Он как раз и сказал что попробует меня разблокировать + противовосполительные. Очень аккуратно разбирал и собирал - подарил мне 5 дней жизни в более менее нормальном состоянии. После 5 дней все по новой. И хотя у Дикуля не переваривают оперативное вмешательство, так как не могут его проводить, он мне честно сказал что мне уже нужно к нейрохирургу идти. 
И пошел я к 1 - посмотрел он КТ и сказал, что вариантов у меня ровно 1 - под нож.
Пошел ко 2 - посмотрел он КТ и сказал, что вариантов у меня ровно 1 - под нож и крайне удивился проведя осмотр, что я еще сам хожу и до сих пор не взял больничный.
Дежавю подумал я.

Когда делал обязательный рентген позвоночника перед операцией, рентгенолог дал заключение - компрессионный перелом 2 позвонков - в таком состоянии были позвонки с грыжей (перелома реально не было).
Короче удалили мне грыжу, убрали стеноз (скрытая проблема замедленного действия) в 2 позвонках. Операция 4 часа.

Спустя 9 месяцев спина болит минимально, нога иногда потягивает, но все рефлексы вернулись. проводимость вернулась. Сейчас вспоминаю как было год назад - понимаю что сделал глупость, надо было резаться сразу.
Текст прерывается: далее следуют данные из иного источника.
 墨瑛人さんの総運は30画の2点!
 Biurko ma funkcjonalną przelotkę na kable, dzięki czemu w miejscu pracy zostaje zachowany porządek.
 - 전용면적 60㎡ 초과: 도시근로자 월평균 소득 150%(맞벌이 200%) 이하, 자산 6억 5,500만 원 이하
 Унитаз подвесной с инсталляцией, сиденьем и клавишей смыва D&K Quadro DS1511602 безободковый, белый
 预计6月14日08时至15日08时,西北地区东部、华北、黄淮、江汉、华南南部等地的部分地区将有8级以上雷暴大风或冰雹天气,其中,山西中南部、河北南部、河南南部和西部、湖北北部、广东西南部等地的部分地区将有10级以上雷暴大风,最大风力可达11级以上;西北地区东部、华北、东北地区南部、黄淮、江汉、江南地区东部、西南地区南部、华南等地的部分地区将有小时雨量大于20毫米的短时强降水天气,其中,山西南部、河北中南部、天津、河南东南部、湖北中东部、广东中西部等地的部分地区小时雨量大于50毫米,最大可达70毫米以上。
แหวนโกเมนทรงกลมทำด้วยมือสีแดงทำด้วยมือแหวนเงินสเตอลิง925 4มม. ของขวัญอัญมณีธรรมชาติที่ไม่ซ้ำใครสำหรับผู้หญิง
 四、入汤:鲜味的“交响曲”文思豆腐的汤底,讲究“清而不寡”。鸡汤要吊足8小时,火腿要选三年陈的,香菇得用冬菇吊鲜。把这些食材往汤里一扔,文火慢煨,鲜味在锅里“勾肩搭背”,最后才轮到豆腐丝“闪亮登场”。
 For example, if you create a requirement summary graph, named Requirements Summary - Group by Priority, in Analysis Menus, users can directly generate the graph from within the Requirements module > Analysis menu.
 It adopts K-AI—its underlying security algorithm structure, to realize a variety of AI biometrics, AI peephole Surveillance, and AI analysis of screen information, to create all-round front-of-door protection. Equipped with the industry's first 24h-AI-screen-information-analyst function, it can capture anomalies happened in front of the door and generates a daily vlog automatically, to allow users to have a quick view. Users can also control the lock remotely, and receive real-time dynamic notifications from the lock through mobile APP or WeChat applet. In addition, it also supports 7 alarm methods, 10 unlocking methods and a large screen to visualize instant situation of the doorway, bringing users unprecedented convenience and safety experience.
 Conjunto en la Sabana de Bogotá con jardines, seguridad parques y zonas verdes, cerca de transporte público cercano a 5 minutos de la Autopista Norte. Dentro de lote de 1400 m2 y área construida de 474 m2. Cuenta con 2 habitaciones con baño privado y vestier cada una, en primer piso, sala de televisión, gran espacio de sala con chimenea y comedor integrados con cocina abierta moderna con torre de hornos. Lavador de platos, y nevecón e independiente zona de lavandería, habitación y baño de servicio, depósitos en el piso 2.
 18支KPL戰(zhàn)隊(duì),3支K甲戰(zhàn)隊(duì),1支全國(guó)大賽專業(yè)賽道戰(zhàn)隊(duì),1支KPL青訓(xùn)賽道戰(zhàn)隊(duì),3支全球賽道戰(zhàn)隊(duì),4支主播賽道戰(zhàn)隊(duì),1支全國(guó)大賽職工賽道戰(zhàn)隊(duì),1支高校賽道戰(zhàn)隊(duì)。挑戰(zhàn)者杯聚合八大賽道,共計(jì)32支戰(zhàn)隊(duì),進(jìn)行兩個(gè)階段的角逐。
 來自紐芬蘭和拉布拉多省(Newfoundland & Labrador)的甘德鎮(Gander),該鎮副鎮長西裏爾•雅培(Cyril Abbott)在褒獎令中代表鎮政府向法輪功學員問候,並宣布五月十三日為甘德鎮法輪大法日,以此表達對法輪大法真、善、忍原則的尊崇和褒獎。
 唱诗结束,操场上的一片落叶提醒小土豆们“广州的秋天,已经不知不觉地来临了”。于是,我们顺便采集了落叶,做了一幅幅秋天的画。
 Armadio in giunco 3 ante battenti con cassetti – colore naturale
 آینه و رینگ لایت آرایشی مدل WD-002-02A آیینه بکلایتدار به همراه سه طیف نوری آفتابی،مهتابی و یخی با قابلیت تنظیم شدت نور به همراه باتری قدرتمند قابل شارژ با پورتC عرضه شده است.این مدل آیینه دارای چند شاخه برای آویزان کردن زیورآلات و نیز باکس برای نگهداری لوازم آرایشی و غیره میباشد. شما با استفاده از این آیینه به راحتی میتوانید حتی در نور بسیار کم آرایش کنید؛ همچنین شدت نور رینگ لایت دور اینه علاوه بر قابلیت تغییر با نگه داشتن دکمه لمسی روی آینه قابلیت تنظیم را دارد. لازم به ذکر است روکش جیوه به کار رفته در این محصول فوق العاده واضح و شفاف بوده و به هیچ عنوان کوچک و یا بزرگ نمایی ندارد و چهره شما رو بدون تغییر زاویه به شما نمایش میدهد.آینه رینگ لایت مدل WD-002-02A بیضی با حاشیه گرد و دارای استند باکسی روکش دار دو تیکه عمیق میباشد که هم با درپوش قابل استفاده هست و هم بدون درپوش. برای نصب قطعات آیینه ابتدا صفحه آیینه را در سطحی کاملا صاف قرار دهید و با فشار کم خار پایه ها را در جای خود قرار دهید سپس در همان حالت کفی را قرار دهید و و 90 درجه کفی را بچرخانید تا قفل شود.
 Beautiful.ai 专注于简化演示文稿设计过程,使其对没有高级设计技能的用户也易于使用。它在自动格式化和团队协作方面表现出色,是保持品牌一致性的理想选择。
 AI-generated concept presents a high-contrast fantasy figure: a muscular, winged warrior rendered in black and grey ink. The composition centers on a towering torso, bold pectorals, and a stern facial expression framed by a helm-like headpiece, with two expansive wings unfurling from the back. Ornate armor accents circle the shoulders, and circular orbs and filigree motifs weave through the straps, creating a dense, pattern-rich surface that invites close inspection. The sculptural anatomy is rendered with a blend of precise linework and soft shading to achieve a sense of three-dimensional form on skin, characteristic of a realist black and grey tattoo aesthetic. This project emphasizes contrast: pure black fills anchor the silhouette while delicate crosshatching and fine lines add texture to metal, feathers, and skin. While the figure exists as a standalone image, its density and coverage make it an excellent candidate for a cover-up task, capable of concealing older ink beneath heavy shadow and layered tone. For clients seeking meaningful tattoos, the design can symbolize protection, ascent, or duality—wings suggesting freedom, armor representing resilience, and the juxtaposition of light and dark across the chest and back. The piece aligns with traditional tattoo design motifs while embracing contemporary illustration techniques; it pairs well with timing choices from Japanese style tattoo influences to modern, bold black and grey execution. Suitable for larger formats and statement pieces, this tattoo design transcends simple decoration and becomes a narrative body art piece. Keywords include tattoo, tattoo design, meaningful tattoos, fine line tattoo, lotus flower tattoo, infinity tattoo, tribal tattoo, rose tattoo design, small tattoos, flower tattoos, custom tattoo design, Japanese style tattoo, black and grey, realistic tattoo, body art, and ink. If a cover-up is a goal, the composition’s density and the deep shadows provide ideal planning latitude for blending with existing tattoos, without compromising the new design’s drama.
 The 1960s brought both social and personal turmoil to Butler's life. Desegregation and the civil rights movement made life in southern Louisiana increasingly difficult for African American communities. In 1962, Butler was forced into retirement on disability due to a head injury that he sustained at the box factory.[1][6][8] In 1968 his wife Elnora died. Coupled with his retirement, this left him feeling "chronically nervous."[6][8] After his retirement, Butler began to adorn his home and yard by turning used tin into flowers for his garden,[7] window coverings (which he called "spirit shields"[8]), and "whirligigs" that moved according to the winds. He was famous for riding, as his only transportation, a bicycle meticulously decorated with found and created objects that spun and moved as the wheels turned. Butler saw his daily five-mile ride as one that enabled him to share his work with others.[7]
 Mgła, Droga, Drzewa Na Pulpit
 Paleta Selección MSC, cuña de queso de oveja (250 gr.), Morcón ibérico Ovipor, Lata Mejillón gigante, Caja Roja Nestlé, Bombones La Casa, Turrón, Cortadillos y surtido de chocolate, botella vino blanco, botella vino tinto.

Как что - спрашивайте - расскажу как есть.


----------



## Большой Лев (27 Окт 2015)

*zorg*, спасибо Вам за вашу историю. 
У меня сейчас как раз стоит дилема - делать или не делать. Сама больше склоняюсь к операции, но и боюсь же ее до дрожи в коленях, да еще ко всему и есть бюрократическая и прочие проволочки, непонимание с лечащим неврологом, которая вроде бы и не против оперироваться, но как-то не спешит помогать мне с оформлением всех бумаг. 
Будьте здоровы! Пусть все, что связано с грыжей, будет в прошлом.


----------



## leo1980 (27 Окт 2015)

zorg написал(а):


> Да только в Германии скорую как то не вызвать



ЛОЖЬ абсолютная, без проблемно вызывается и все делается с Вами моментально и рентген и МРТ и т.д.

наоборот есть мнение что лучше вызвать скорую, скажем так преувеличить, чем ждать всех посещений врачей.


----------



## zorg (28 Окт 2015)

Вы по жизни такой категоричный?
Речь о том что я туда работать приехал, а не на скорых кататься... не смотря на состояние.


----------



## Доктор Ступин (28 Окт 2015)

А какой штраф за ложный вызов (это если мог бы сам дойти до приемного отделения)?


----------



## leo1980 (28 Окт 2015)

Доктор Ступин написал(а):


> А какой штраф за ложный вызов (это если мог бы сам дойти до приемного отделения)?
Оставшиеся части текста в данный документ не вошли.